Would you transcribe the entries below, beginning at the line with "таблицa с вероятностью" and ending after the line with "Женские гигиенические тампоны", exactly, with no picture and nothing more?
........
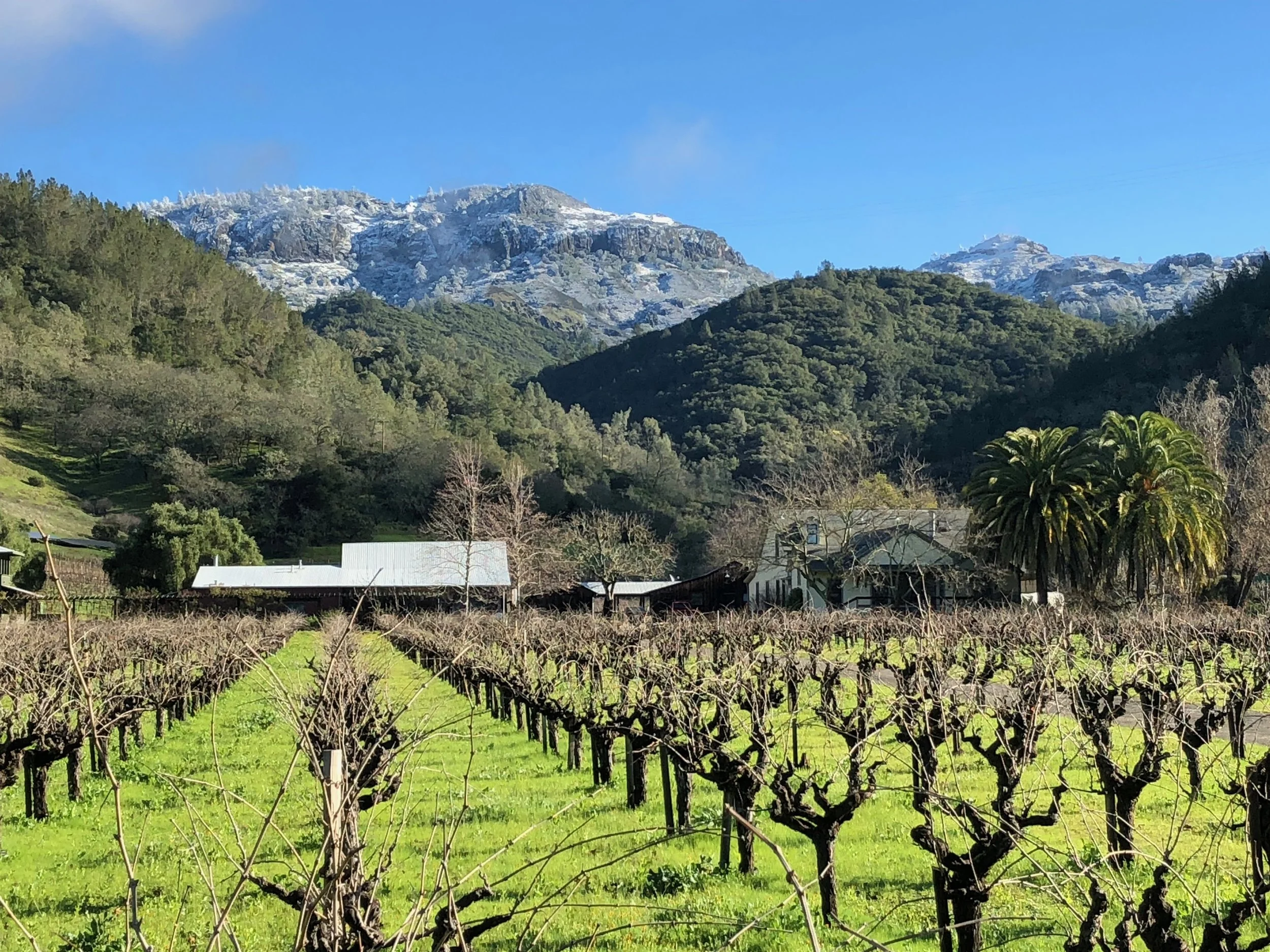 The Palisades above the vineyard after a rare winter snowfall
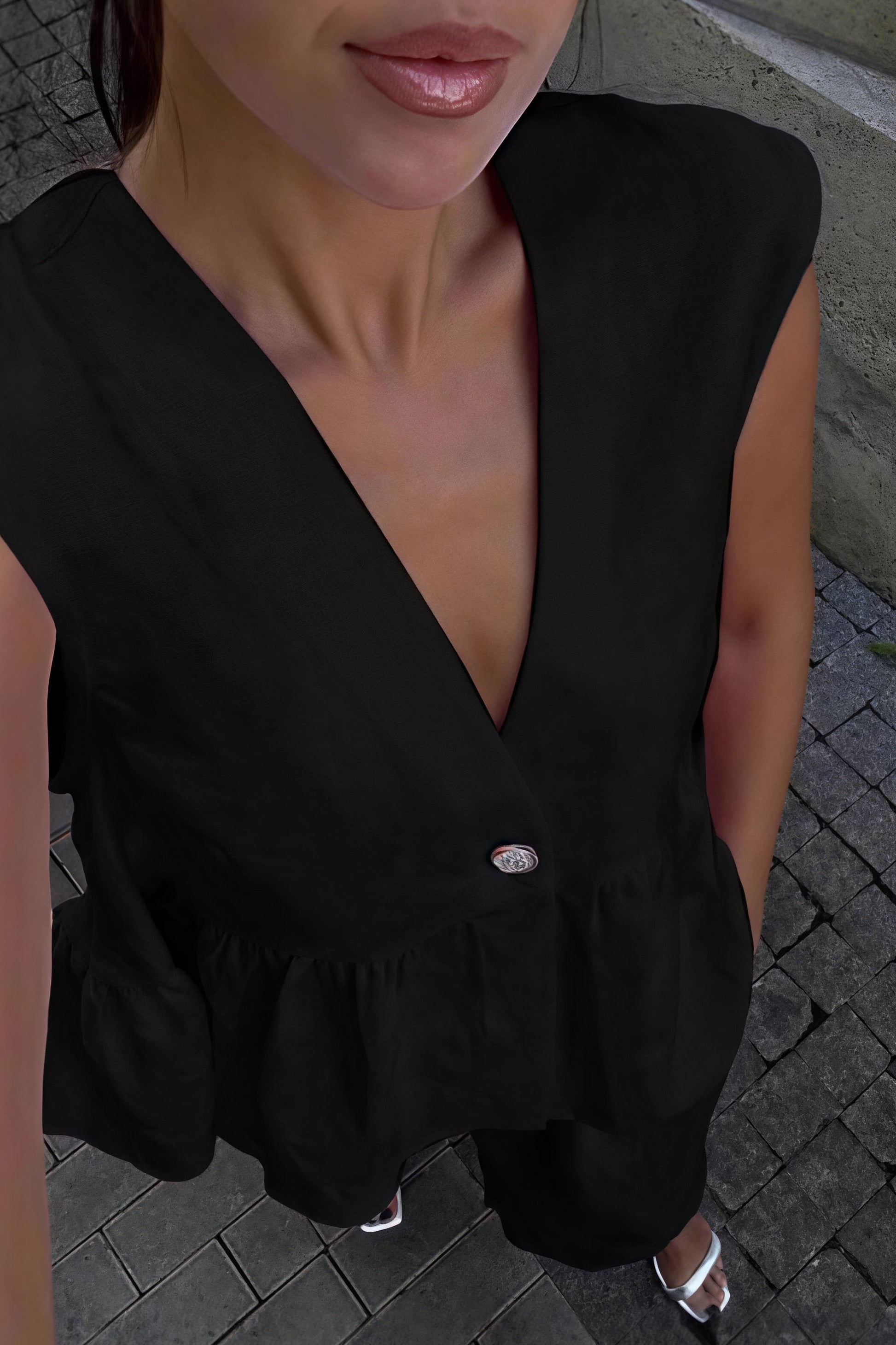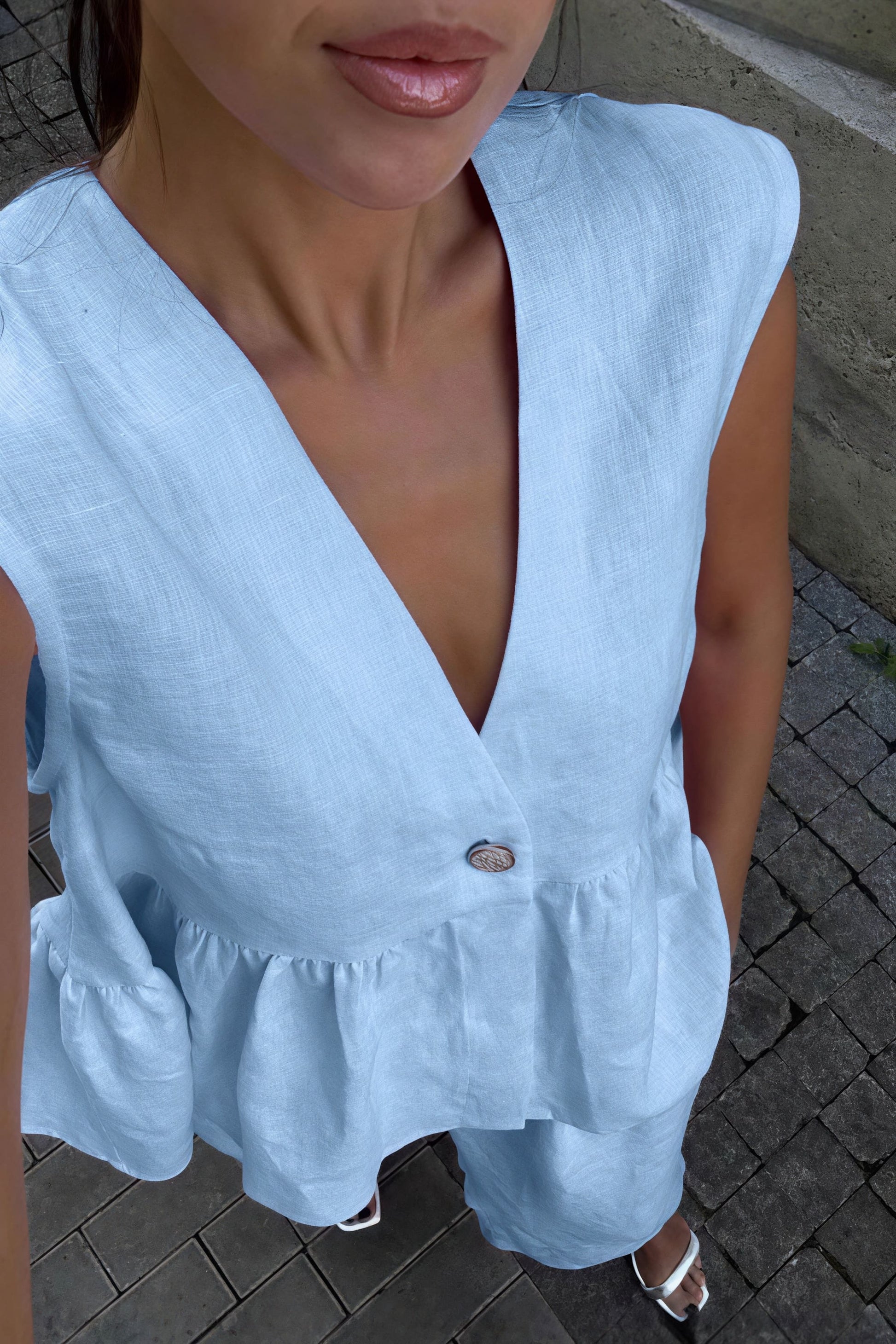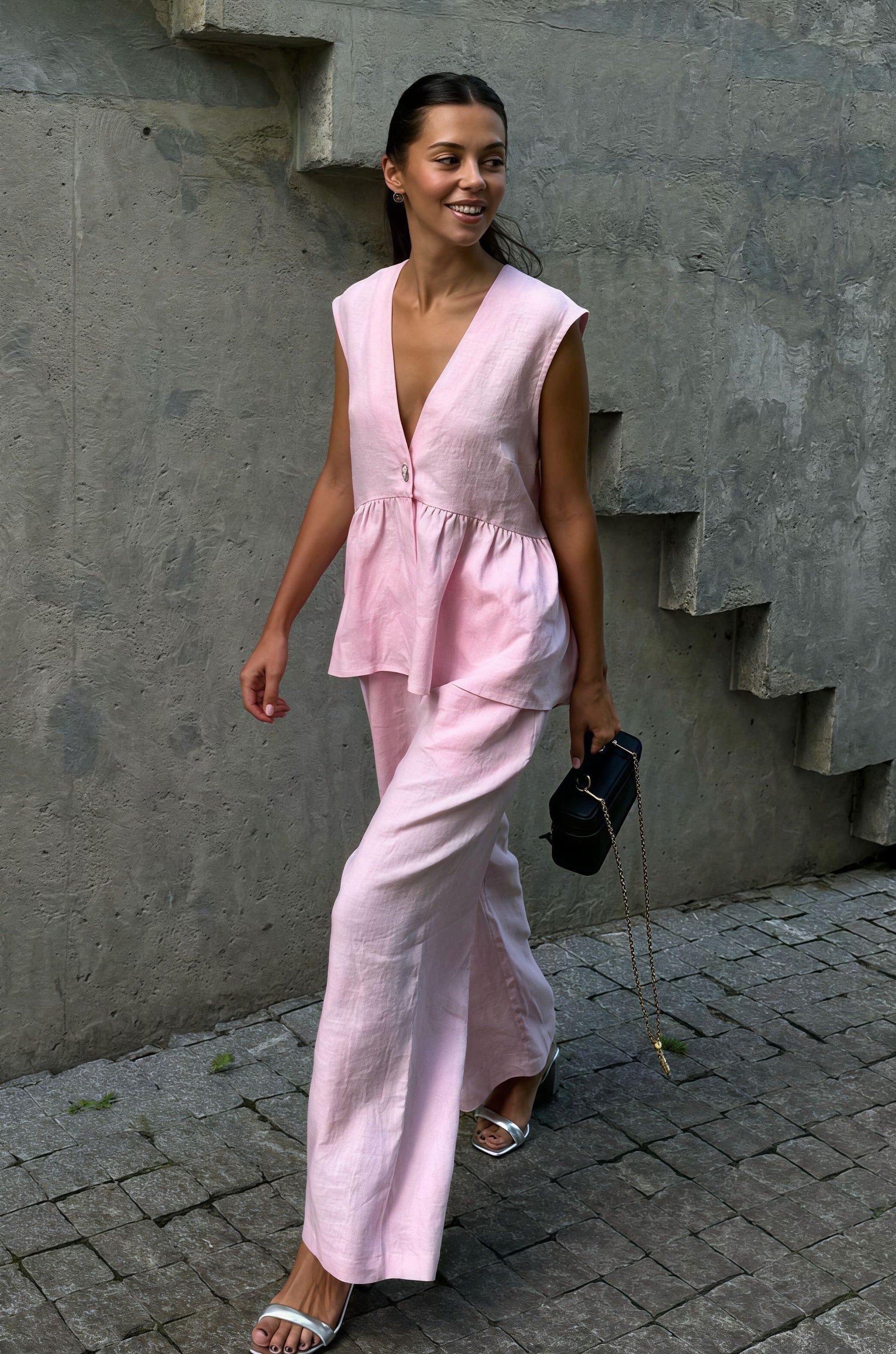 Romantic Cotton V Neck Sleeveless Vest Pants Two Piece Set
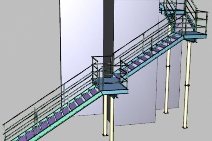 Лестница пожарная уличная, на второй этаж, с обходом внешних коммуникаций, расчеты, полное КД для производства и монтажа
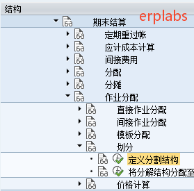 路径:SPRO->控制->成本中心会计->实际过账->期末结算->作业分配->定义分割结构
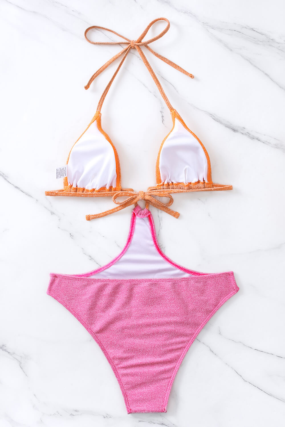 Colorblock Shimmer Cut-Out Halter One Piece Swimsuit
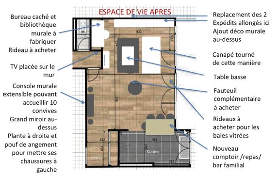 La mise en œuvre de solutions concrètes passe ici par les principes du home staging à savoir désencombrer, ré-agencer les espaces, accessoiriser et à apporter davantage de lumière.
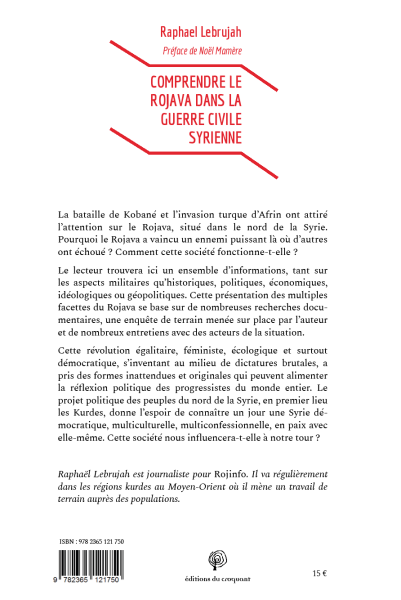 Rojnamevanê Fransayî Raphael Lebrûjah li ser Rojava û projeya Rojava pirtûkeke nivîsî. Pirtûka bi navê "Di şerê navxweyî yê Sûriyeyê de fêhmkirina Rojava" beriya niha bi demeke kin ji aliyê weşanxaneya Croqûantê ve hate weşandin.
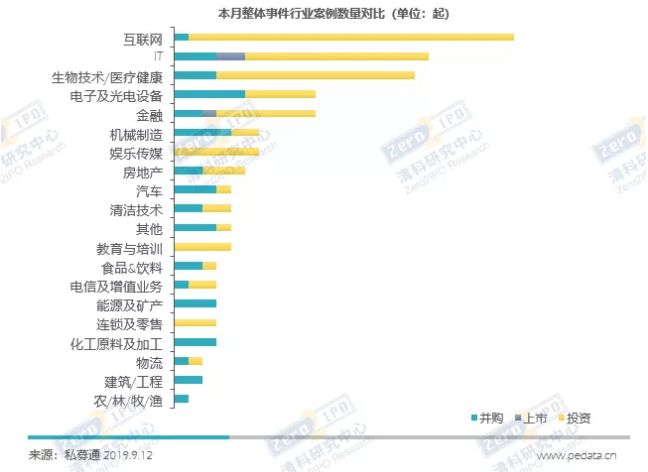 ›本月互联网、IT、生物技术/医疗健康行业的投资事件较多。数据来源:清科私募通
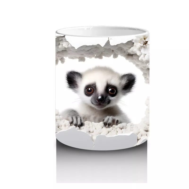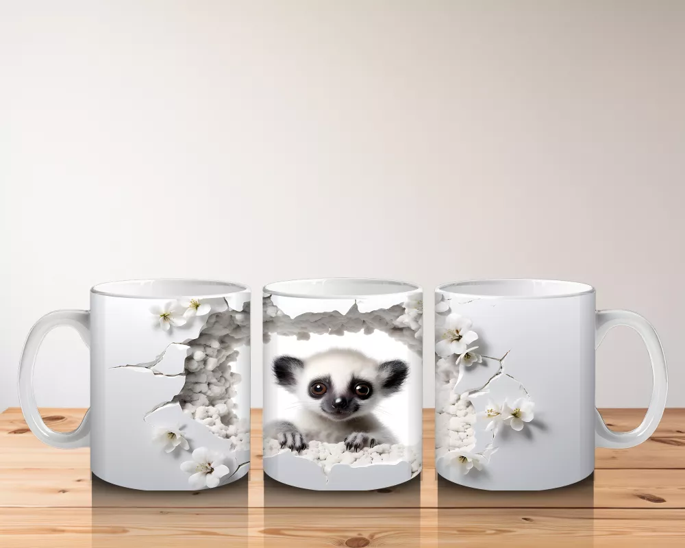 Kırık duvarın arasından bakan bu tatlı lemur, sevimli bakışlarıyla anında dikkat çekiyor. Egzotik ve farklı tasarımlar sevenlere özel eğlenceli bir kupa.
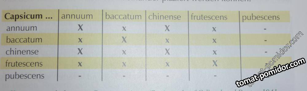 таблицa с вероятностью переопыления тех или иных видов перца между собой
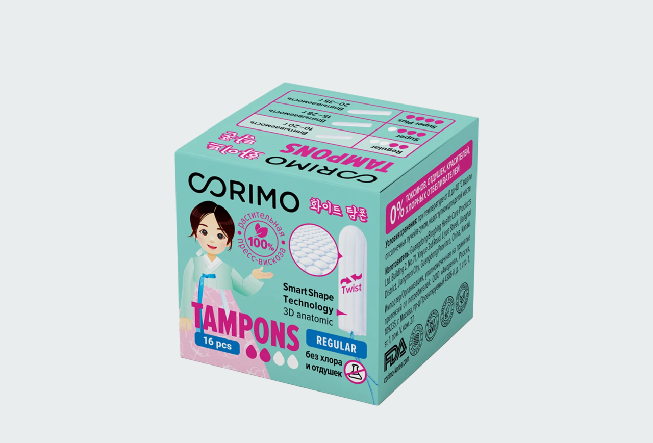 Женские гигиенические тампоны - современные и технологичные тампоны Corimo разработаны совместно с лабораторией в Южной Корее. Впитывающая основа тампонов выполнена из вискозы фармацевтического качества 100% растительного происхождения. Такой абсорбент впитывает лучше и быстрее, чем хлопок. Не вызывает раздражения и аллергических реакций при соблюдении рекомендаций по использованию.
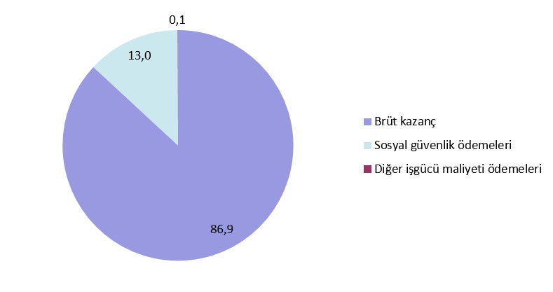 İşgücü maliyeti içinde brüt kazancın payı %86,9, sosyal güvenlik ödemelerinin payı %13,0 ve diğer işgücü maliyeti ödemelerinin payı %0,1 olarak gerçekleşti.
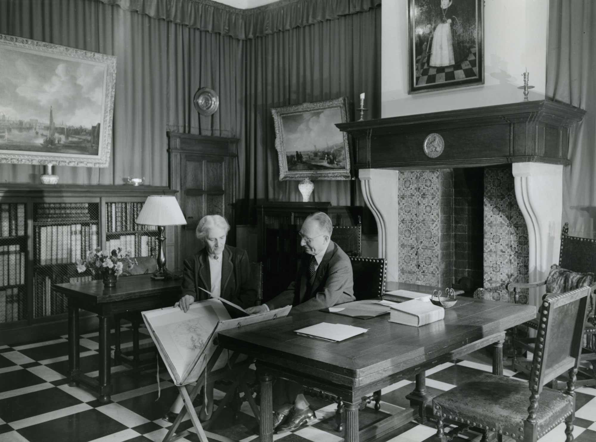 Frits Lugt (1884-1970) La Fondation Custodia fut créée en 1947 par le collectionneur et connoisseur néerlandais Frits Lugt et son épouse Jacoba (To) Lugt-Klever (1888-1969). Frits Lugt Frederik Johannes Lugt, né à Amsterdam en 1884, avait dans le sang le goût de collectionner et de cataloguer. À huit ans, Frits, comme on l’appelait, rédigea celui de ses ‘trésors’ – Museum Lugtius, geopend als de directeur thuis is (ouvert quand le directeur est à la maison) – qui comprenait, entre autres choses, certains coquillages assez rares. À partir de dix ans, il consacra tout son temps libre au Rijksmuseum d’Amsterdam, ou il examinait attentivement les œuvres, dont il faisait des copies. Il obtint aussi, non sans peine, d’avoir accès au Cabinet des Dessins, ou les conservateurs le regardaient d’un œil soupçonneux. Le jeune Frits devint un fanatique et passa dès lors tous ses loisirs dans la salle de consultation. À son grand étonnement, il constata qu’il n’existait pas d’inventaire des dessins hollandais et décida sans complexe de l’entreprendre lui-même, décrivant soigneusement chaque feuille, recherchant les provenances, copiant les signatures et rédigeant une courte biographie pour chaque artiste. À la fin de 1899, il en était arrivé à Jordaens et avait répertorié 955 dessins. La biographie de Rembrandt par le jeune Frits Lugt, 1899 Rembrandt, qui avait fait l’objet d’une exposition capitale en 1898, exerçait une fascination particulière sur Lugt : un an plus tard, il surprenait sa famille et ses amis par une biographie détaillée de l’artiste, incluant le résultat des travaux les plus récents. Dessinateur habile, il l’avait illustrée de ses propres croquis. La biographie de Rembrandt allait changer du tout au tout sa vie d’adolescent. Grâce à un parent, Lugt se vit offrir un poste dans une firme réputée de ventes publiques, celle de Frederik Muller à Amsterdam. Il interrompit du même coup ses études secondaires. Chez Muller, il passa l’essentiel de son temps à établir les catalogues de vente, ce qui lui permit d’exercer son œil pénétrant, et de développer son extraordinaire mémoire visuelle. Le plus important était de regarder, de regarder et de comparer, afin d’aborder l’art de façon concrète. Il ne pouvait y avoir de meilleure formation. Autodidacte, Lugt pensait que l’amour de l’œuvre d’art primait sa signification historique. Pour lui, le goût et la sensibilité étaient finalement plus nécessaires à une véritable compréhension des œuvres que le raisonnement ou les diplômes universitaires. Lugt devint un expert de réputation internationale sur l’art flamand et hollandais, doté d’un véritable ‘flair’ pour la qualité. La situation précaire de la maison Muller après qu’avait éclaté la Première Guerre mondiale obligea Lugt à la quitter en 1915. Tant qu’il y était attaché, il ne pouvait se permettre d’acquérir des œuvres pour son propre compte : il était libre désormais de faire une collection personnelle. Le couple Frits Lugt et Jacoba Klever à leur mariage, décembre 1910 Son mariage avec Jacoba Klever lui apporta une certaine indépendance financière. Tous deux formèrent un couple uni pendant près de soixante ans et avaient en commun le même amour de l’art. Lorsque ses obligations familiales le lui permettaient (ils avaient cinq enfants), Madame Lugt accompagnait son mari dans ses voyages à l’étranger et dans ses visites aux salles de vente ou aux musées. Pour créer leur collection, ils recherchèrent d’abord les dessins, les gravures et les livres anciens, dont les prix restaient raisonnables. Les peintures, surtout celles des grands maîtres, étaient trop onéreuses. À l’époque, Lugt vivait en conseillant d’autres collectionneurs et en agissant comme intermédiaire, bien que son beau-père ait toujours été prêt à l’aider. Réunir des œuvres de qualité n’était pas seulement une question d’argent : il y fallait aussi des relations et une grande expérience du marché de l’art, ce dont Lugt ne manquait pas. Il put ainsi acquérir des pièces qui, normalement, n’auraient pas été accessibles à de simples amateurs. Pour bien des collectionneurs, des marchands, des historiens d’art, le nom de Lugt reste associé à deux ouvrages de référence toujours inégalés et indispensables. Les Marques de collections de dessins et d’estampes parut en 1921, avec un supplément en 1956. Dans ces livres – aujourd’hui actualisés et disponibles en ligne – on trouve une masse d’informations sur les collectionneurs et les moindres vicissitudes des œuvres passées dans leurs mains. Sa deuxième entreprise, considérable, réalisée avec plusieurs assistants, aboutit aux quatre volumes du Répertoire des catalogues de ventes publiques, fondé sur son énorme collection personnelle de catalogues. Le premier tome, qui décrit et analyse ceux des années 1600-1825, parut en 1938. Les Marques de collections de dessins & d’estampes, 1921, et son Supplément, 1956 L’autorité internationale de Lugt en tant qu’expert est amplement démontrée par le fait qu’il fut chargé d’établir les catalogues des dessins flamands et hollandais du Louvre, de la Bibliothèque Nationale et de l’École des Beaux-Arts de Paris. Pendant leur séjour aux États-Unis, où ils passèrent les années de guerre, les Lugt avaient été très impressionnés par les initiatives des mécènes et autres amateurs d’art. C’est ce qui détermina, en 1947, leur décision d’instituer la Fondation Custodia pour lui transmettre leur collection. Le projet de créer un centre d’art et de recherches aux Pays-Bas ayant échoué, les Lugt décidèrent de s’établir en France, leur seconde patrie. Ils achetèrent un hôtel particulier à Paris pour y installer la Collection Frits Lugt. En 2010 est parue la biographie Frits Lugt 1884 – 1970. Living
........
:: Expected output ::
 таблицa с вероятностью переопыления тех или иных видов перца между собой
 Женские гигиенические тампоны - современные и технологичные тампоны Corimo разработаны совместно с лабораторией в Южной Корее. Впитывающая основа тампонов выполнена из вискозы фармацевтического качества 100% растительного происхождения. Такой абсорбент впитывает лучше и быстрее, чем хлопок. Не вызывает раздражения и аллергических реакций при соблюдении рекомендаций по использованию.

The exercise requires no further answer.